In it’s weekly River Report, the Arkansas River Watershed Collaborative notes that precipitation from the current weather pattern continues to ease drought conditions in Colorado, with over 12% of the state no longer experiencing drought, including the eastern half of Chaffee County.
The CoCoRaHS (Community Collaborative Rain, Hail and Snow) Network reports the following precipitation amounts for the past week:
- Leadville – 0.33 inch.
- Buena Vista – 0.54-1.59 inches.
- Salida – 1.22 inches.
- Westcliffe – 0.30-1.06 inches.
- Cañon City – 0.18 inch.
- Walsenburg – 0.52 inch.
- Trinidad – 0.41 inch.
- Pueblo – 0.01 inch.
- Colorado Springs – 0.14-0.94 inch.
- Rocky Ford – 0.02 inch.
- Pritchett – none.
- Lamar – none.
For the current water year, the August report from the Governor’s Water Availability Task Force indicates Colorado is still 1.75 inches below the long-term average for precipitation.
Water storage in Pueblo Reservoir remains little changed this week – 184,178 acre-feet, or 57% full – according to data from the U.S. Bureau of Reclamation.
Water storage in Turquoise Lake decreased to 97,904.2 acre-feet or 75.7% full while the water level in Twin Lakes increased to 106,773 acre-feet, also 75.7% full.
With Voluntary Flow Management Program targets for recreational boating done for 2022, the Bureau of Reclamation Thursday reduced releases from Twin Lakes to the minimum 15 cfs outflow. Data for John Martin Reservoir is not available at this time.
In the upper Arkansas River, flows near Leadville declined to 52.7 cfs this week, while the gauge below Granite currently registers 274 cfs. The flow at the Wellsville gauge is 440 cfs with an almost identical flow of 444 cfs at Cañon City.

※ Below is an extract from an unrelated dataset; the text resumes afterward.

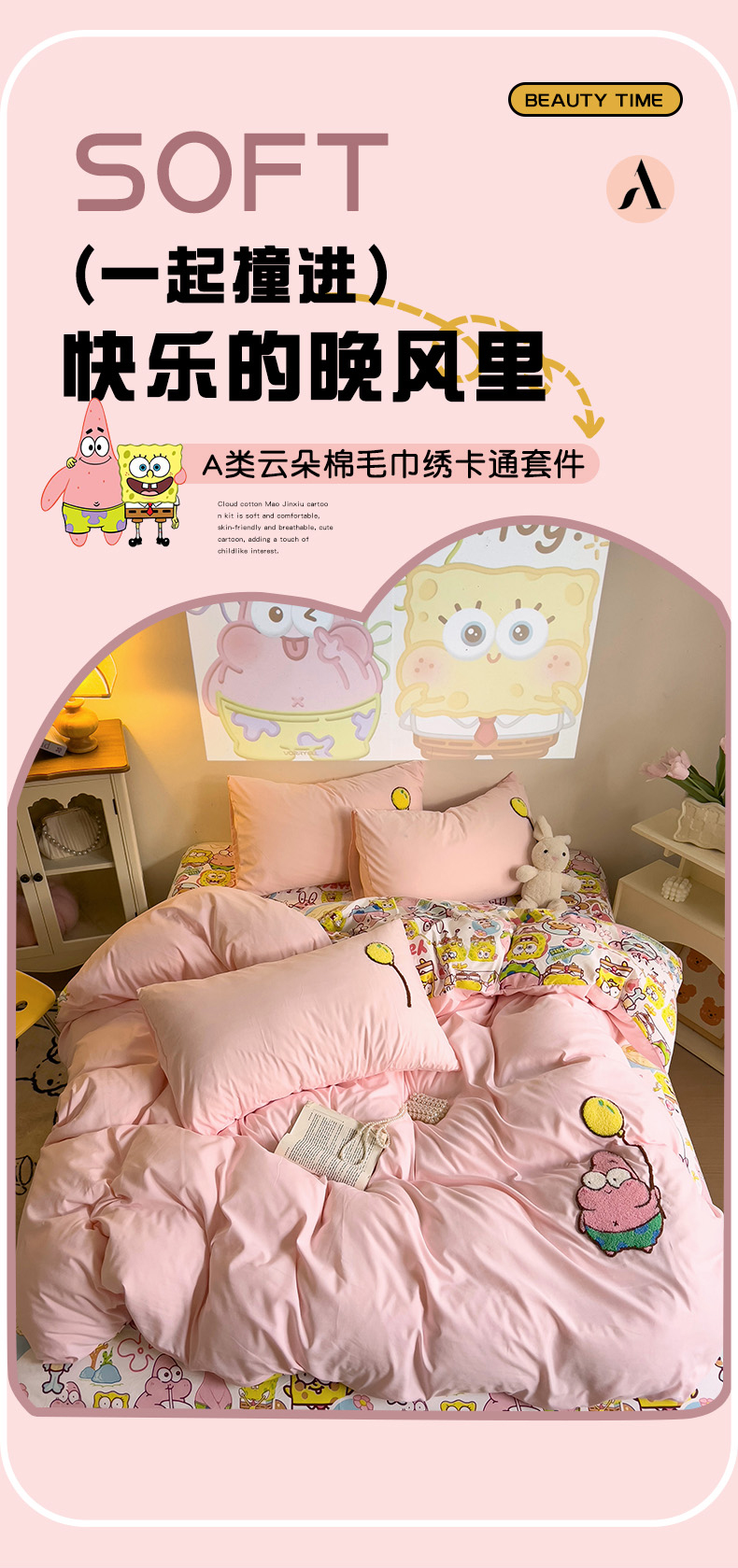 (总)云木里 2025新款云朵棉毛巾绣印花四件套,Kt的花园,大眼萌兔,欢乐的卡皮,卡皮巴拉,腊肠狗,奇妙宇航员,甜筒KT,乌萨奇,熊猫乐乐,音乐煤球,樱桃小可爱,宝宝和派派,呆萌卡皮,动物派对,精灵布布,蘑菇兔,奶油小熊,贪睡小象,甜品蛋糕喵,西高地狗狗,小新同学,夏日小新

The river flow below Pueblo Reservoir has dropped to 258 cfs, and the gauge near Avondale reports 408 cfs after peaking at 860 cfs this past week. The gauge near Rocky Ford reports 73.6 cfs after peaking at 217 cfs Monday.
The current flow is 82.4 cfs below John Martin Reservoir, but the flow held steady at a high of 256 cfs Saturday through Monday. The gauge at Lamar currently reports 27.6 cfs after spiking to 94.5 cfs just before midnight Monday.
The Arkansas Basin currently has 15 calling water rights, including the usual number, four, on the mainstem: the Catlin Canal (1884 priority), the Lamar Canal (1886), the X-Y Irrigating Ditch (1889) and the Arkansas River Compact call at the Kansas state line.
The most senior calling water right is the Tom Wanless Ditch (1864) on Fountain Creek at its confluence with the Arkansas River. Next in seniority is the Gonzales Ditch (1866) on the Apishapa River, followed by the Coleman Ditch (1867) on Hardscrabble Creek and the Pulaski Ditch (1868) on the Purgatoire River.
Additional calling water rights include the Adams Ditch (1869) on Fourmile Creek, Hill Ditch (1873) on Howard Creek, the Cottonwood and Maxwell Ditch (1874) on Cottonwood Creek, the Marmaduke Ditch (1878) on Stout Creek, the Dotson Ditch No. 1 (1881) on the St. Charles River, the Hoosier Ditch (1882) on the North Fork of the South Arkansas River and the JM Murray Ditch (1887) on Muddy Creek.
The Arkansas River Watershed Collaborative is the nonprofit organization for the Arkansas Basin Roundtable. Formed by the Colorado General Assembly, this group of water managers and stakeholders works to find solutions to water-related issues in the basin. Some Roundtable members serve as the ARWC Board of Directors.